# Webley Bulldog Safe Queen



## lewwallace (Mar 4, 2015)

Got her out and got a couple of pix. Thot I'd shoot her w/some new custom load Adams 450 but.....she's a 442! Have had since '89 thot it was about time, wellI now know where to get the correct ammo loaded!!TTACH=CONFIG]1206[/ATTACH]


----------



## Steve M1911A1 (Feb 6, 2008)

Does Dr. Watson know that you have taken possession of his favorite revolver?
What if Holmes has to face Moriarty without an armed backup?
What a dastardly deed you have done!


I recently read a bit about that Adams 0.450 cartridge. I bet that what I read applies to the 0.442, as well.
Evidently, the best protection against one of these rounds is a cricket bat. That's because their bullets seem to travel more slowly than does a well hurled cricket ball.
Guard your wicket, young man!


----------



## lewwallace (Mar 4, 2015)

But both rounds will make you smart! Ha!


----------



## Steve M1911A1 (Feb 6, 2008)

lewwallace said:


> But both rounds will make you smart! Ha!


I am already smart. Some people even say, "Smartass!" :yawinkle:

The issue was not whether or not the rounds will make you smart, but rather whether or not the rounds will stop a civilian fight, stop an angry Amerind, or stop a charging Zulu warrior.
I believe that the answer was, "Probably not."

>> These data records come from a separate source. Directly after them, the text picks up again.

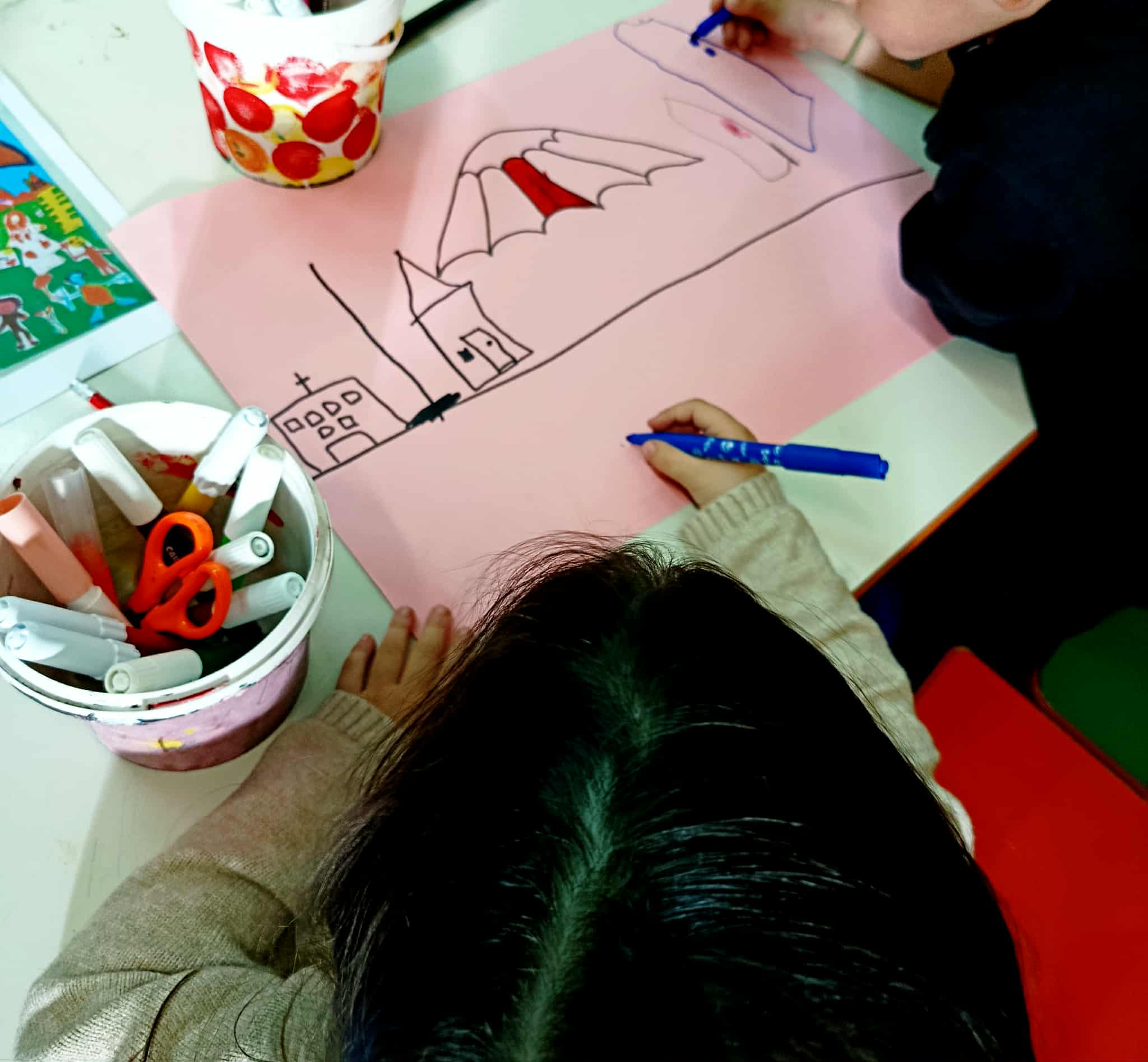Η δράση επικεντρώθηκε στην μεταφορά γνώσης και παράδοσης. Η γιαγιά μας μίλησε για τα παιχνίδια του χθες, τις κούκλες που έφτιαχναν από τενεκεδάκια και τα ατελείωτα παιχνίδια στην αυλή, και μας αποκάλυψε ένα πολύτιμο μυστικό της παραδοσιακής κουζίνας: τη συνταγή για τις χειροποίητες χυλοπίτες!
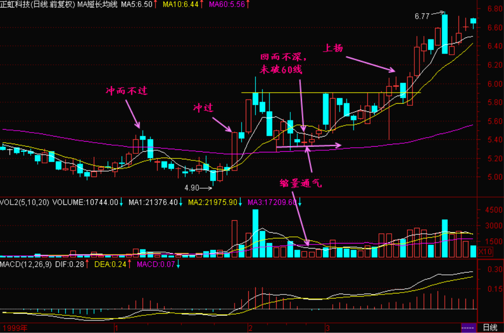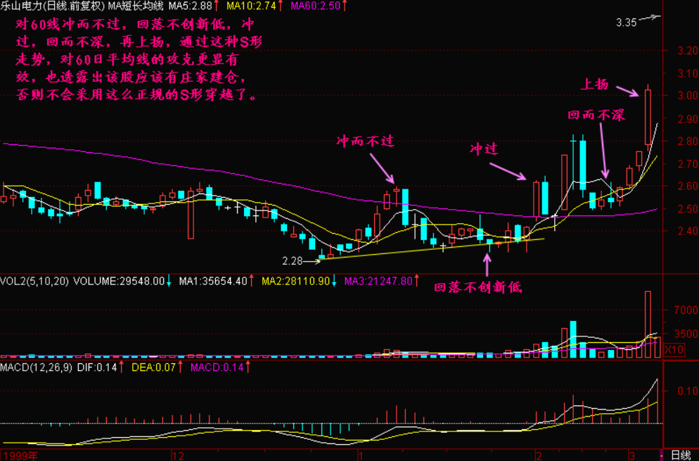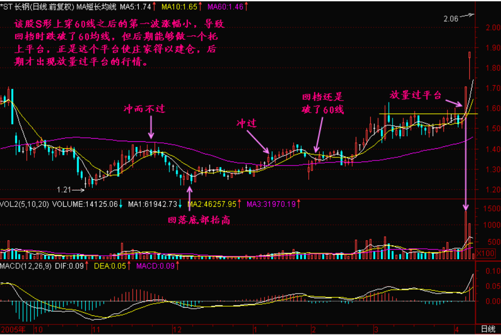 小结:标准的【S形】穿越60均价线透露出一种信号,那就是人为操作的信号,否则不足以走出这样标准的走势。这是对60日均价线的攻克,同时也是庄家不断驱赶散户和自我建仓的手段。
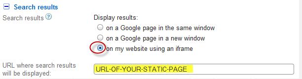 Catatan: Ganti HALAMAN-URL-HERE dengan url halaman di mana hasil pencarian akan ditampilkan (yang Anda telah ditambahkan pada langkah 4)
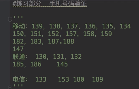 这样我们就可以在开头做事情了,先判断开头是不是上面的号段, regex = "^((13[0-9])|(14[5|7])|(15([0-3]|[5-9]))|(18[0,5-9]))\d{8}$",就是我们的元字符,代码如下:
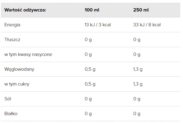 woda, soki owocowe z soków zagęszczonych (pomarańczowy 3,4%, brzoskwiniowy 0,5%, jabłkowy 0,4%, z marakui 0,1%); dwutlenek węgla, kwasy: kwas cytrynowy, kwas jabłkowy; koncentraty roślinne (marchew, krokosz barwierski); substancje słodzące: aspartam, acesulfam K; substancja konserwująca: sorbinian potasu; naturalny aromat, stablizator: estry glicerolu i żywicy roślinnej. Zawiera źródło fenyloalaniny.

It has been noted that when a European criminal was hit by a police bullet, he would sit down on a curb and begin crying in pain and mortification.
But when an American crook has been hit by a police bullet that does not immediately stop him, his reaction is to attack and to try to kill the cop.


----------



## berettatoter (Sep 1, 2011)

lewwallace said:


> Got her out and got a couple of pix. Thot I'd shoot her w/some new custom load Adams 450 but.....she's a 442! Have had since '89 thot it was about time, wellI now know where to get the correct ammo loaded!!TTACH=CONFIG]1206[/ATTACH]
> View attachment 1207
> View attachment 1208


Damn, that's nice! Looks like Winston Churchill though.


----------



## becket (Aug 6, 2019)

Hello all! 
All I know is when I saw this pic, it definitely stopped MY heart! gorgeous!


----------



## lewwallace (Mar 4, 2015)

Thanx! Bought this darling when Webleys were still under appreciated in the late 1980s. At that time $400 bought alot of Birmingham steel. That would probably just about pay for the grips now. 
There is some question whether this was manufactured in England even tho it has all the correct proofs and markings. The hump above the grip indicates continental design. The "Son", due to high demand, contracted w/some Spanish gunsmiths in the 80s and a S on the cylinder read seems to indicate this. May never know for sure!


----------



## lewwallace (Mar 4, 2015)

See above


becket said:


> Hello all!
> All I know is when I saw this pic, it definitely stopped MY heart! gorgeous!


----------



## Steve M1911A1 (Feb 6, 2008)

Glad to see you back, General.
Written any good books lately? Or ridden any chariots?

Now that you've instilled in me an appreciation of the Webley product, I am saddened that you haven't posted any more of them here recently.
.


----------